Sexta-feira, Maio 20, 2022

Açores: efeito espelho

 Joaquim Machado, Deputado à Assembleia Legislativa da Região Autónoma dos Açores

Historicamente, em cada eleição legislativa nacional, no círculo eleitoral dos Açores a disputa centra-se na conquista do quinto lugar. Só por três vezes um partido logrou conquistar quatro dos cinco lugares da representação açoriana na Assembleia da República, no caso, sempre o PSD.

A bipolarização assume, assim, tanta ou mais expressão que no conjunto do país, até porque apenas em 1985 o PRD se intrometeu na luta entre social-democratas e socialistas, em detrimento destes.

Outro padrão nestes plebiscitos é o chamado “efeito espelho”, a replicação dos resultados nacionais – raríssimas vezes o partido vencedor no país deixou de eleger a maioria dos deputados do círculo açoriano.

À luz de tais dados, nos Açores, o desfecho do ato eleitoral de 30 de janeiro nada trouxe de surpreendente ou suscetível de uma leitura política com alcance mais profundo e imediato na geografia partidária local.
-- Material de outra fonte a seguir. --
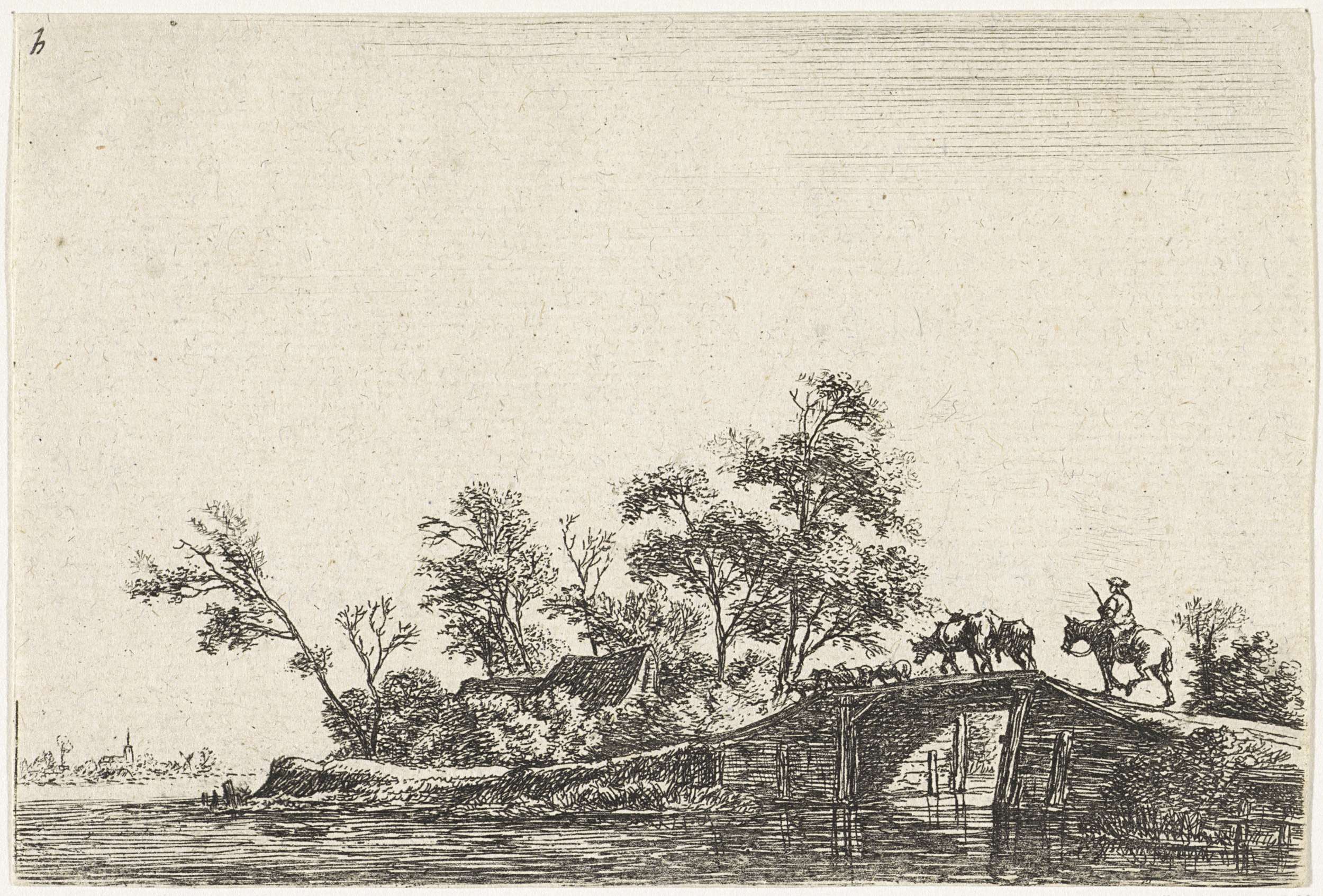 Herder met vee op een houten brug
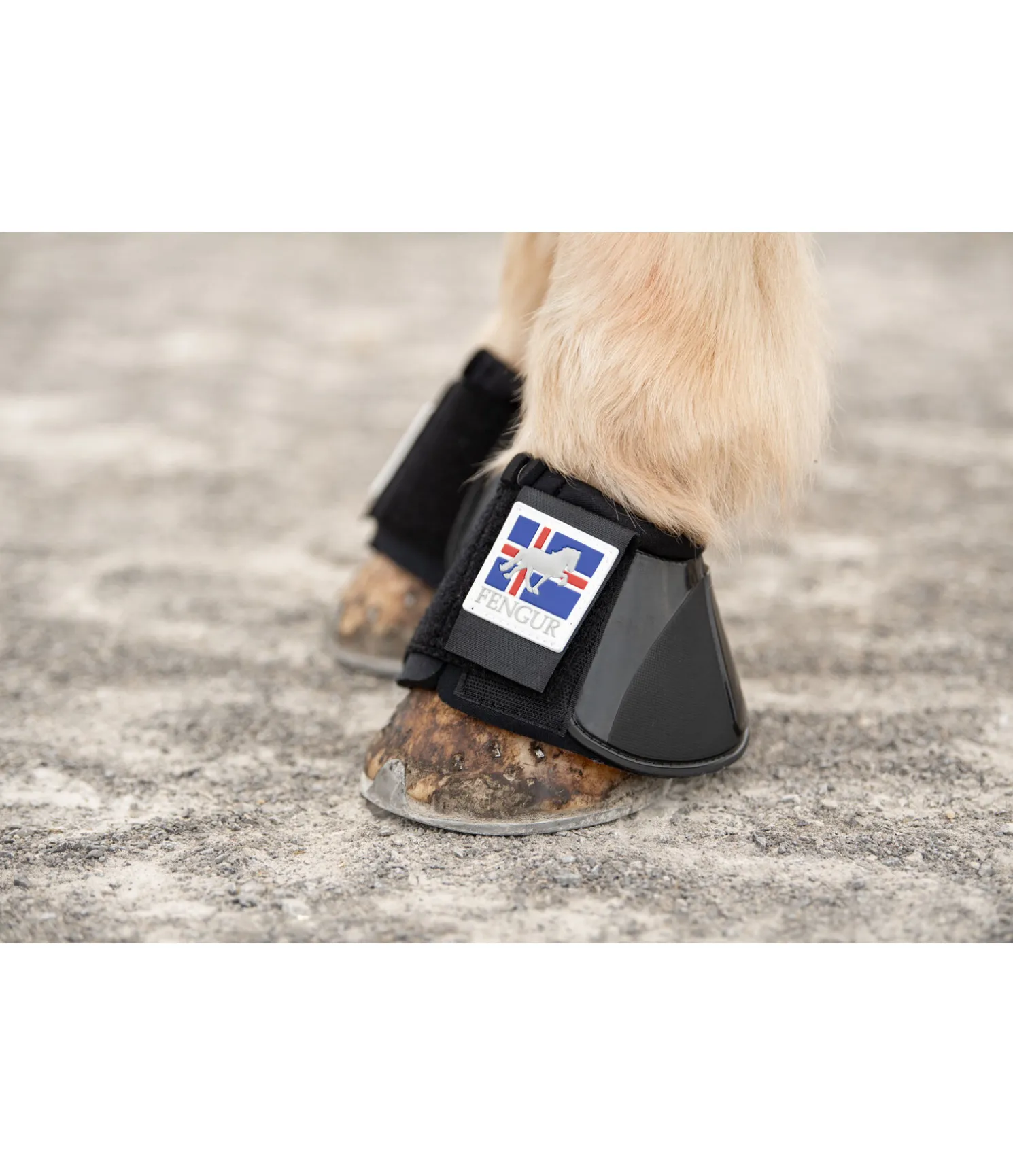Cloches de protection en TPU robuste pour protéger le sabot lors de l’entraînement quotidien. Avec arrêtoir pour empêcher la cloche de tourner. Badge logo islandais sur la patte auto-agrippante.

De facto, os eleitores açorianos optaram como os demais portugueses, atribuindo ao PS a vitória e os restantes deputados à Aliança Democrática, a coligação PSD, CDS-PP e PPM que governa a Região Autónoma. A disputa pela liderança do governo da Nação voltou a sobrepor-se à escolha dos seus representantes em Lisboa.

As restantes forças partidárias posicionaram-se em conformidade com os resultados alcançados no país, exceção feita para o Bloco de Esquerda que aqui superou a votação da Iniciativa Liberal. Dito de outro modo, o crescimento eleitoral e a diminuição de votos, à direita e à esquerda, seguiram a dinâmica nacional dos respetivos partidos e nas mesmas proporções.

Só a abstenção (63,3%) destoou significativamente do registo médio do país, como em anteriores sufrágios. A desatualização dos cadernos eleitorais é um dos fatores que concorrem para aquele indicador. O outro, verdadeiramente preocupante, é uma certa indiferença dos eleitores quanto à composição da Assembleia da República e ao Governo que dela emana. Consequência indevida da Autonomia e da proximidade dos órgãos de governo próprio da Região?